- Your instructions:
All of the records below must be output exactly, with no pictures carried over.

^^^^

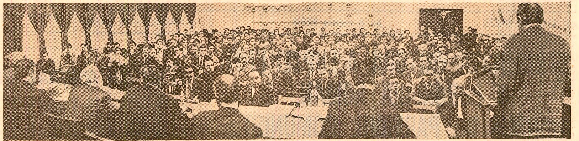
„Noi stăpînim — noi hotărîm — noi acționăm”: o adunare generală a oamenilor muncii la Combinatul siderurgic Galați
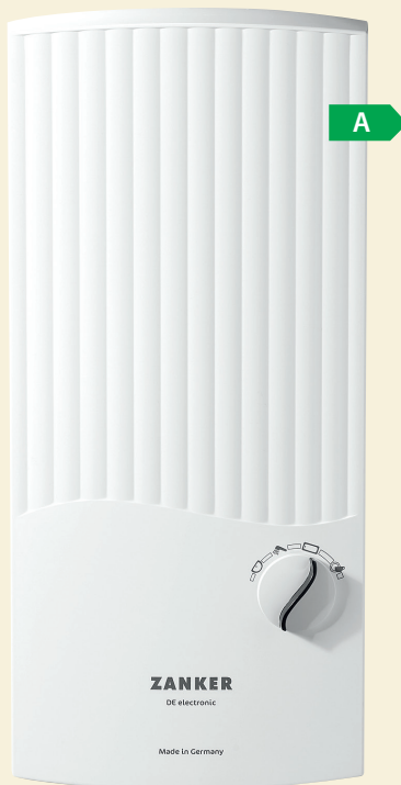
DE 24 EL

was sich aufgrund der langen Lebensdauer besonders rechnet. Elegantes Design und geringe Aufbauhöhe (hier nur 93 mm) gehören bei allen elektronisch geregelten ZANKER-Durchlauferhitzern zum Standard.
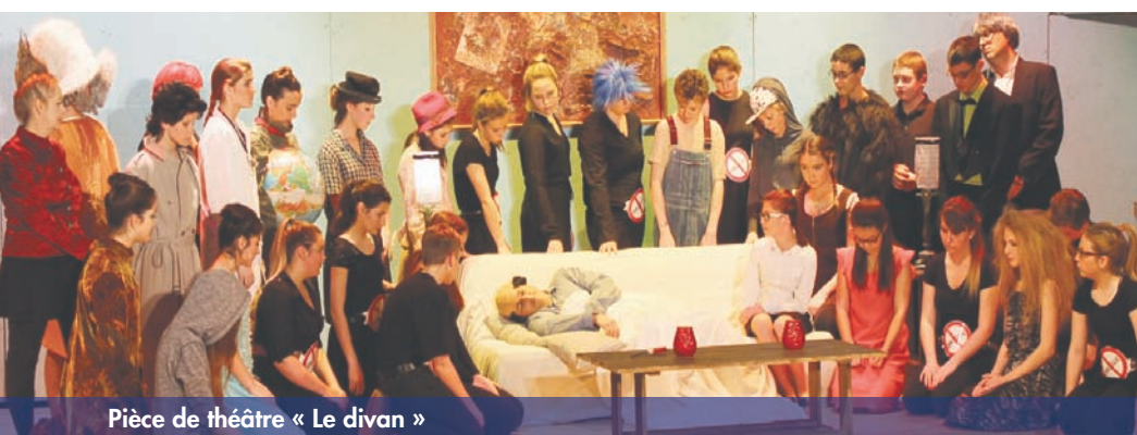
Pièce de théâtre « Le divan »
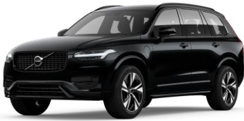
Onyx Black Metallic
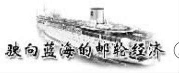
驶向蓝海的邮轮经济 ③

文化产业“以人为本”。多年来,中心以“文化资源与文化产业”为依托,培养了一批文理交叉的创新型人才,奠定了中心在全国一流的“文化与科技融合创新研究中心”的重要地位。
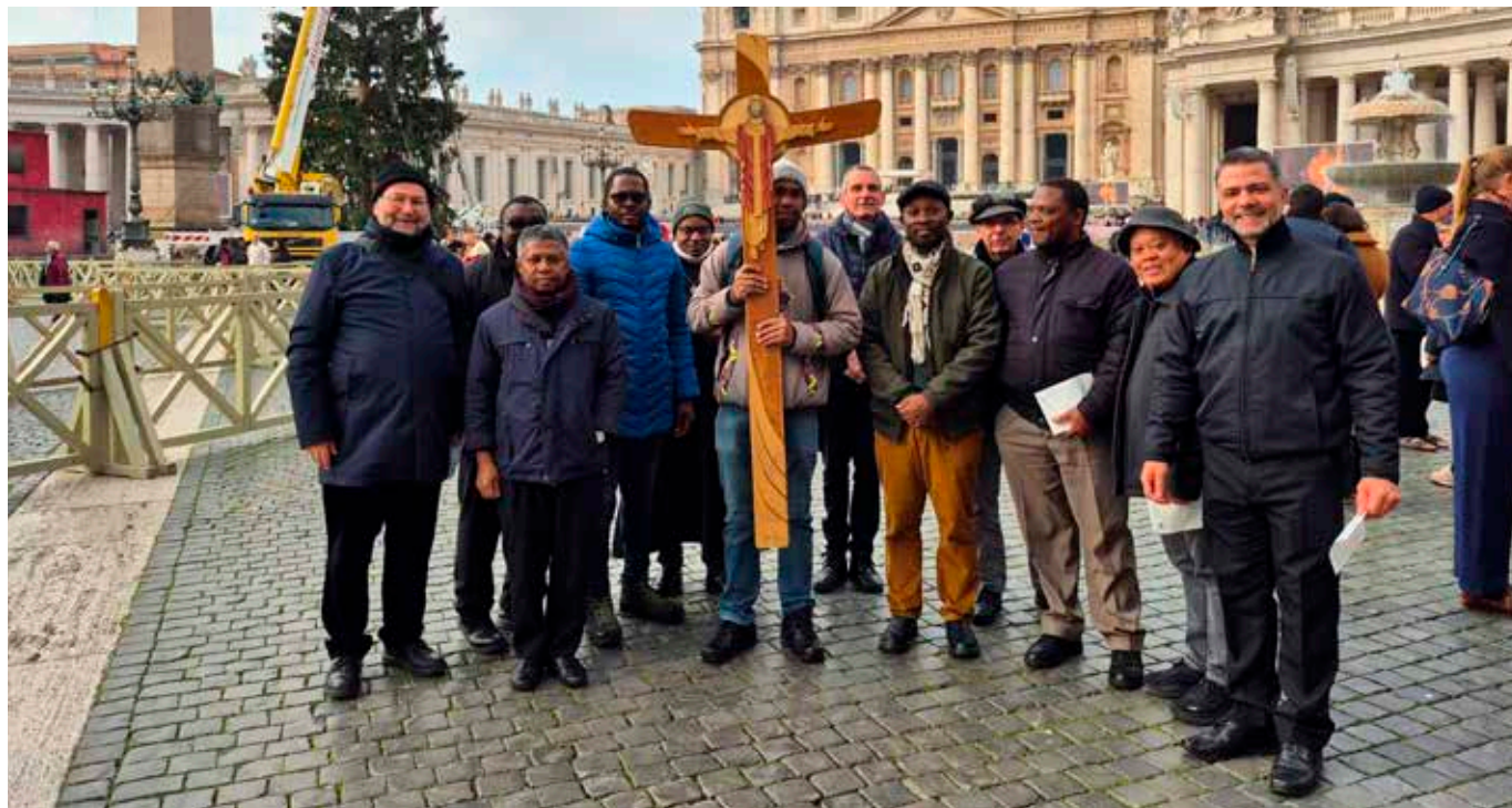
La comunidad general en peregrinación hacia la Puerta Santa de la basílica de San Pedro, en Roma
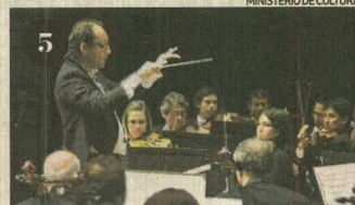
MINISTERIO DE CULTURA
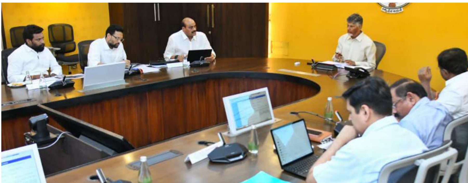
వన్ ఫ్యామిలీ- వన్ ఎంట్రప్రెన్యూర్లో ఎంఎస్ఎంఈలు కీలకం

సచివాలయంలో జరిగిన 17వ ఎన్ఐపీబీ సమావేశంలో 25 ప్రాజెక్టులకు చెందిన రూ.2,01,023 కోట్ల పెట్టుబడులకు ఆమోదం తెలిపారు. ఈ ప్రాజెక్టుల ద్వారా 39,067 మందికి ఉద్యోగ అవకాశాలు లభించనున్నాయి. సమావేశంలో
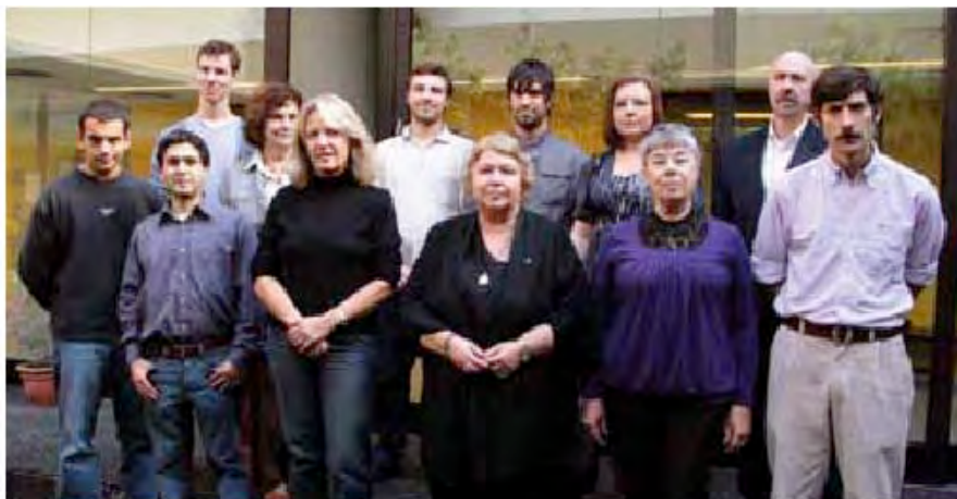
Miembros del Instituto "Carlos Vega" en su ámbito natural: la Facultad de Artes y Ciencias Musicales.
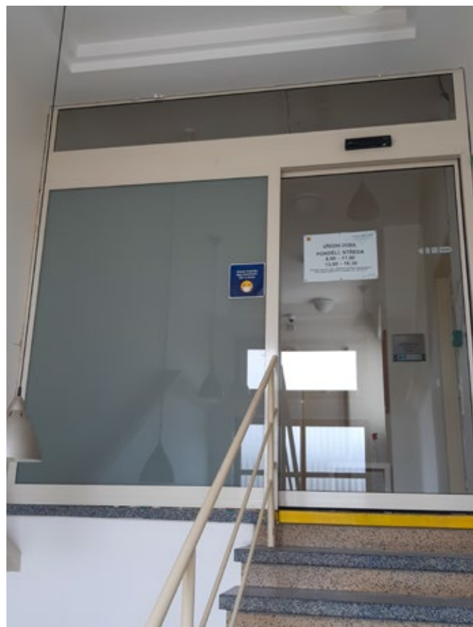
Nové elektronické vstupní dveře na OÚ
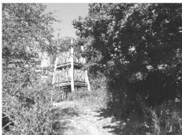
Eén van de natuurparels in de gemeente Laarbeek. Dit is de uitkijktoren in natuurgebied Keelgras tussen Lieshout en Mariahout

We vrezen dat er vanwege de financiële situatie in Laarbeek (de gemeente zit financieel diep in het rood) weinig tot niets met de fietsaanbevelingen uit dit rapport gedaan zal worden. Zodra er tekenen zijn van herstel gaan we dat natuurlijk weer aankarten. Helaas het is niet anders.
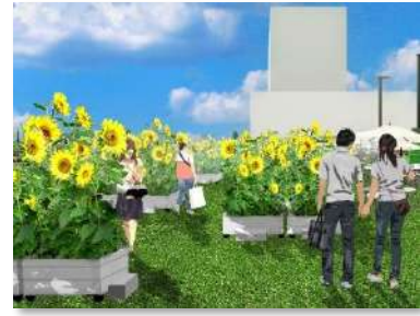
※デザインガーデン展開イメージ
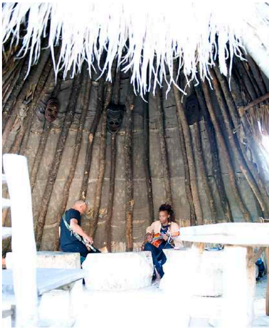
Creation Hut near Feodosia (Crimea). 2010

•Les années d'errance, multiples expériences riches en rencontres artistiques: en Amérique du Sud , en Asie, substances interdites, introspection, sérénité du Chaman, l'amour de la vie de bluesman quoi !
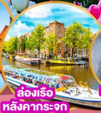
ล่องเรือ หลังคากระจุก
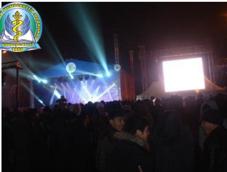
Концерт на старой площади «Астана», посвященный 20-летия независимости РК
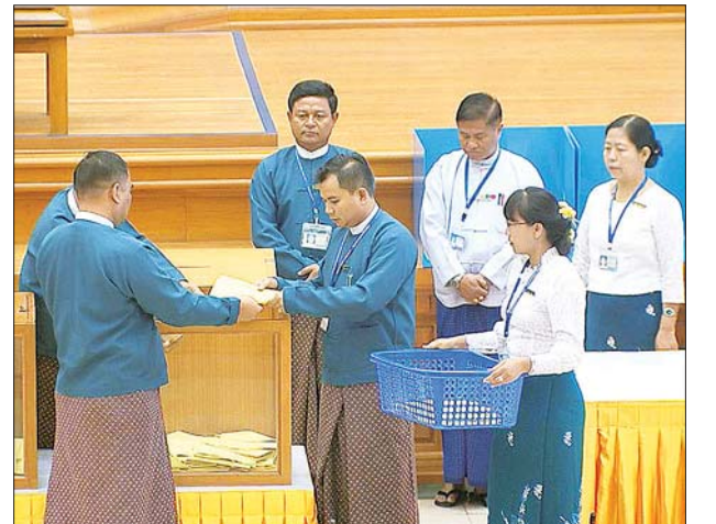
ဆန္ဒမဲလက်မှတ်များ ရေတွက်စဉ်။

ထို့နောက် ပြည်ထောင်စုလွှတ်တော်နာယက က ယနေ့လွှတ်တော်၏ အဆုံးအဖြတ်ရယူသည့် ဥပဒေမူကြမ်းပြင်ဆင်ချက် ပုဒ်မ၊ ပုဒ်မခွဲအလိုက် ထောက်ခံဆန္ဒမဲ ရရှိမှု အရေအတွက် ၇၅ ရာခိုင်နှုန်းကျော် ရ မရနှင့် လွှတ်တော် ၏ အဆုံးဖြတ်ချက်တို့ကို အတည်ပြု ကြေညာရာတွင် ပုဒ်မ ၅၉ ပုဒ်မခွဲ(ဂ) ပြင်ဆင်မှု
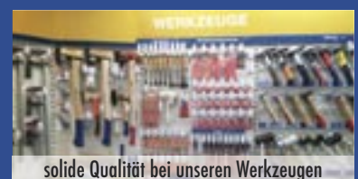
solide Qualität bei unseren Werkzeugen
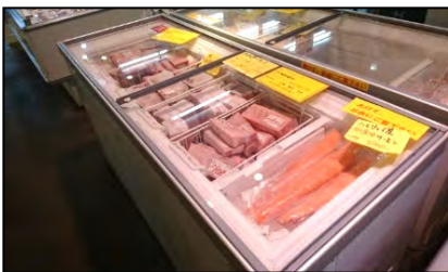
清水魚市場「河岸の市」でのマグロ販売

なお、6月17日（日）に代表施設『清水魚市場「 かし の いち 市」』（静岡県静岡市）において、「みなとオアシスマグロのまち清水」の登録証交付式を行います。
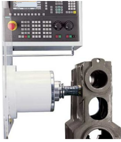
Mehrseitenbearbeitung in einer Ausspannung
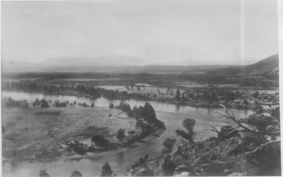
El Río Grande hacia el E., visto desde el morro frente a la casa Caveri.
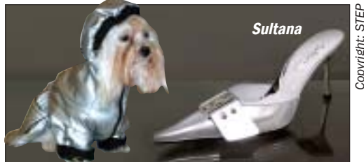
Silber - Absolut stylisch
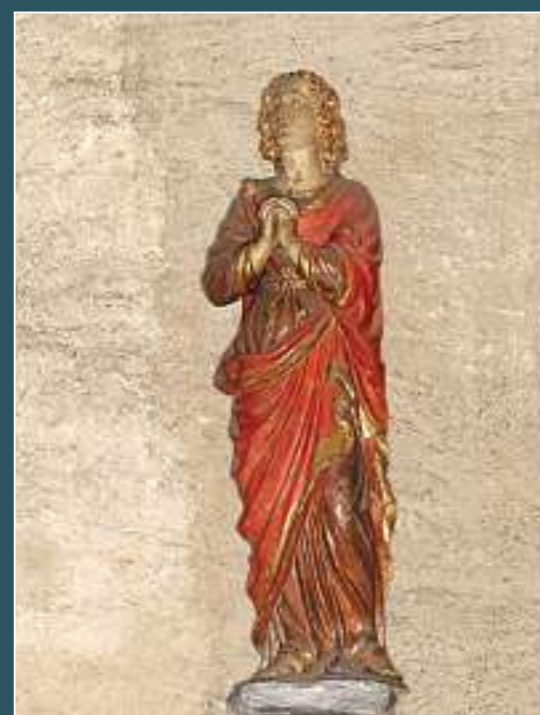
Tesserete (Capriasca), Santo Stefano
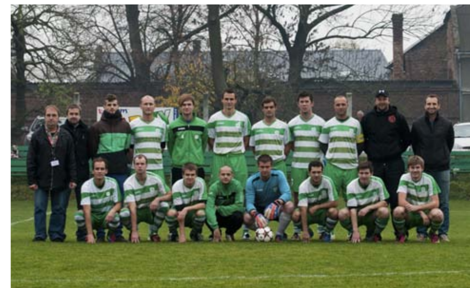
Muži SK Chvátkovice.
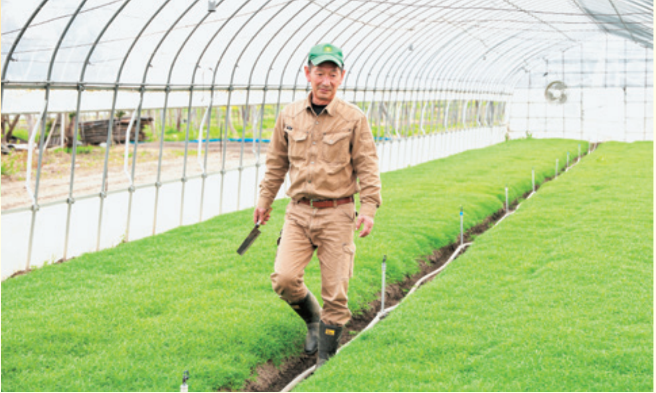
ハウス内の温度や湿度、土の状態などに目を光らせます
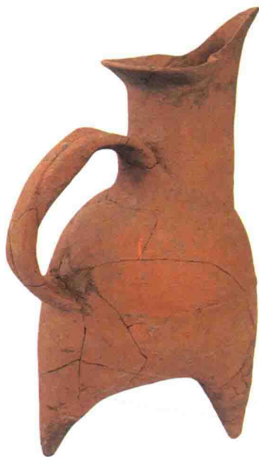
图 124 红陶鬻 龙山文化

红陶色系的基本色为红色，陶器因之统称为红陶。这是因为泥土中的氧化铁成分较高，陶坯在氧化焰气氛条件下烧制即成为红陶（图 124）。人类最初发明和创烧的陶器都属于红陶范畴，只不过杂质较多而烧制温度偏低而已。
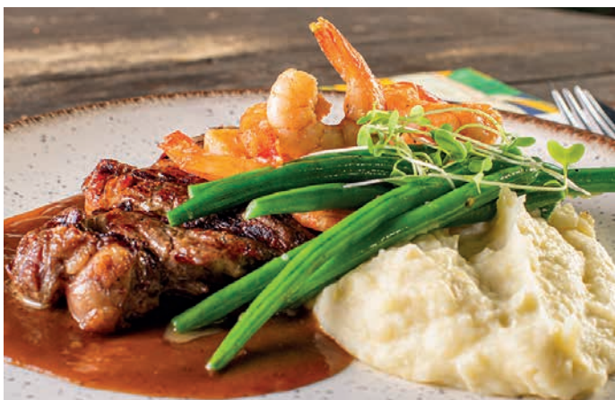
ENTRECÔTE 400g 128 Delicioso entrecôte com camarões grelhados, purê de batatas, molho roti e vagem
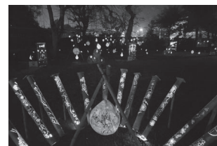
▲ 江川邸竹灯り実行委員会 『灯そう 2023 江川邸の庭へ』
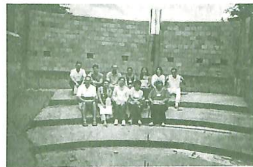
Pesquisadoras do Curso Pilares do Parapsiquismo, nas obras do Acoplamentarium.

Há mais de 40 anos, Vieira já tinha a pretensão de criar um laboratório grupal para desenvolver o acoplamento áurico através da formação de campos energéticos. A partir desses campos de energia, será possível fazer desassédios grupais, desenvolver as parapercepções e identificar fenômenos envolvendo ectoplasmia. A ideia de construir o Acoplamentarium foi definitivamente concretizada depois do curso Pilares do Parapsiquismo , no final de outubro de 2002, quando Vieira realizou, por sugestão da equipe extrafísica, um trabalho grupal que envolveu técnicas de assimilação energética e clarividência facial. Motivados com a oportunidade, alguns pesquisadores presentes no curso se reuniram para elaborar um projeto a fim de viabilizar as obras do Acoplamentarium .
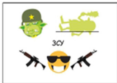
Для варіанту гри 1

На кожній картці зашифровано рядки відомих українських пісень.
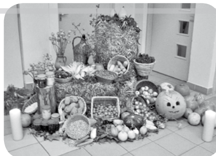
„Néztétek csak, mennyi mindent gyűjtöttünk az őszi folyamán!”
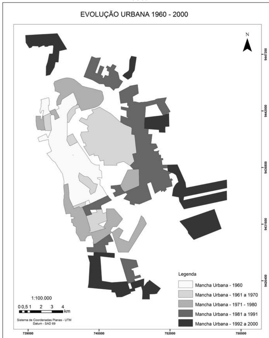
FIGURA 3 - MAPA DA EVOLUÇÃO DA MANCHA URBANA EM TERESINA 1960 - 2000.

Apresentamos agora a figura 3 com o mapa da evolução da mancha urbana de Teresina entre 1960 até os anos 2000, que ajuda a demonstrar a evolução espacial da ação desses agentes que produziram a cidade no período analisado, refletindo a atuação desigual, de alguns desses agentes, em cada área da cidade, concentrando certas zonas em determinados períodos em determinadas áreas.
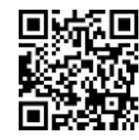
松戸市安全安心メール
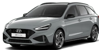
Shadow Gray Pastelová Cena: 16 900 Kč Dostupná pouze pro výbavy N Line
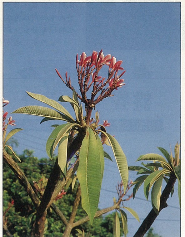
緬梔花頂生，是初夏開花最明媚的樹木之一。

^^^^

- Output:
„Noi stăpînim — noi hotărîm — noi acționăm”: o adunare generală a oamenilor muncii la Combinatul siderurgic Galați
DE 24 EL

was sich aufgrund der langen Lebensdauer besonders rechnet. Elegantes Design und geringe Aufbauhöhe (hier nur 93 mm) gehören bei allen elektronisch geregelten ZANKER-Durchlauferhitzern zum Standard.
Pièce de théâtre « Le divan »
Onyx Black Metallic
驶向蓝海的邮轮经济 ③

文化产业“以人为本”。多年来,中心以“文化资源与文化产业”为依托,培养了一批文理交叉的创新型人才,奠定了中心在全国一流的“文化与科技融合创新研究中心”的重要地位。
La comunidad general en peregrinación hacia la Puerta Santa de la basílica de San Pedro, en Roma
MINISTERIO DE CULTURA
వన్ ఫ్యామిలీ- వన్ ఎంట్రప్రెన్యూర్లో ఎంఎస్ఎంఈలు కీలకం

సచివాలయంలో జరిగిన 17వ ఎన్ఐపీబీ సమావేశంలో 25 ప్రాజెక్టులకు చెందిన రూ.2,01,023 కోట్ల పెట్టుబడులకు ఆమోదం తెలిపారు. ఈ ప్రాజెక్టుల ద్వారా 39,067 మందికి ఉద్యోగ అవకాశాలు లభించనున్నాయి. సమావేశంలో
Miembros del Instituto "Carlos Vega" en su ámbito natural: la Facultad de Artes y Ciencias Musicales.
Nové elektronické vstupní dveře na OÚ
Eén van de natuurparels in de gemeente Laarbeek. Dit is de uitkijktoren in natuurgebied Keelgras tussen Lieshout en Mariahout

We vrezen dat er vanwege de financiële situatie in Laarbeek (de gemeente zit financieel diep in het rood) weinig tot niets met de fietsaanbevelingen uit dit rapport gedaan zal worden. Zodra er tekenen zijn van herstel gaan we dat natuurlijk weer aankarten. Helaas het is niet anders.
※デザインガーデン展開イメージ
Creation Hut near Feodosia (Crimea). 2010

•Les années d'errance, multiples expériences riches en rencontres artistiques: en Amérique du Sud , en Asie, substances interdites, introspection, sérénité du Chaman, l'amour de la vie de bluesman quoi !
ล่องเรือ หลังคากระจุก
Концерт на старой площади «Астана», посвященный 20-летия независимости РК
ဆန္ဒမဲလက်မှတ်များ ရေတွက်စဉ်။

ထို့နောက် ပြည်ထောင်စုလွှတ်တော်နာယက က ယနေ့လွှတ်တော်၏ အဆုံးအဖြတ်ရယူသည့် ဥပဒေမူကြမ်းပြင်ဆင်ချက် ပုဒ်မ၊ ပုဒ်မခွဲအလိုက် ထောက်ခံဆန္ဒမဲ ရရှိမှု အရေအတွက် ၇၅ ရာခိုင်နှုန်းကျော် ရ မရနှင့် လွှတ်တော် ၏ အဆုံးဖြတ်ချက်တို့ကို အတည်ပြု ကြေညာရာတွင် ပုဒ်မ ၅၉ ပုဒ်မခွဲ(ဂ) ပြင်ဆင်မှု
solide Qualität bei unseren Werkzeugen
清水魚市場「河岸の市」でのマグロ販売

なお、6月17日（日）に代表施設『清水魚市場「 かし の いち 市」』（静岡県静岡市）において、「みなとオアシスマグロのまち清水」の登録証交付式を行います。
Mehrseitenbearbeitung in einer Ausspannung
El Río Grande hacia el E., visto desde el morro frente a la casa Caveri.
Silber - Absolut stylisch
Tesserete (Capriasca), Santo Stefano
Muži SK Chvátkovice.
ハウス内の温度や湿度、土の状態などに目を光らせます
图 124 红陶鬻 龙山文化

红陶色系的基本色为红色，陶器因之统称为红陶。这是因为泥土中的氧化铁成分较高，陶坯在氧化焰气氛条件下烧制即成为红陶（图 124）。人类最初发明和创烧的陶器都属于红陶范畴，只不过杂质较多而烧制温度偏低而已。
ENTRECÔTE 400g 128 Delicioso entrecôte com camarões grelhados, purê de batatas, molho roti e vagem
▲ 江川邸竹灯り実行委員会 『灯そう 2023 江川邸の庭へ』
Pesquisadoras do Curso Pilares do Parapsiquismo, nas obras do Acoplamentarium.

Há mais de 40 anos, Vieira já tinha a pretensão de criar um laboratório grupal para desenvolver o acoplamento áurico através da formação de campos energéticos. A partir desses campos de energia, será possível fazer desassédios grupais, desenvolver as parapercepções e identificar fenômenos envolvendo ectoplasmia. A ideia de construir o Acoplamentarium foi definitivamente concretizada depois do curso Pilares do Parapsiquismo , no final de outubro de 2002, quando Vieira realizou, por sugestão da equipe extrafísica, um trabalho grupal que envolveu técnicas de assimilação energética e clarividência facial. Motivados com a oportunidade, alguns pesquisadores presentes no curso se reuniram para elaborar um projeto a fim de viabilizar as obras do Acoplamentarium .
Для варіанту гри 1

На кожній картці зашифровано рядки відомих українських пісень.
„Néztétek csak, mennyi mindent gyűjtöttünk az őszi folyamán!”
FIGURA 3 - MAPA DA EVOLUÇÃO DA MANCHA URBANA EM TERESINA 1960 - 2000.

Apresentamos agora a figura 3 com o mapa da evolução da mancha urbana de Teresina entre 1960 até os anos 2000, que ajuda a demonstrar a evolução espacial da ação desses agentes que produziram a cidade no período analisado, refletindo a atuação desigual, de alguns desses agentes, em cada área da cidade, concentrando certas zonas em determinados períodos em determinadas áreas.
松戸市安全安心メール
Shadow Gray Pastelová Cena: 16 900 Kč Dostupná pouze pro výbavy N Line
緬梔花頂生，是初夏開花最明媚的樹木之一。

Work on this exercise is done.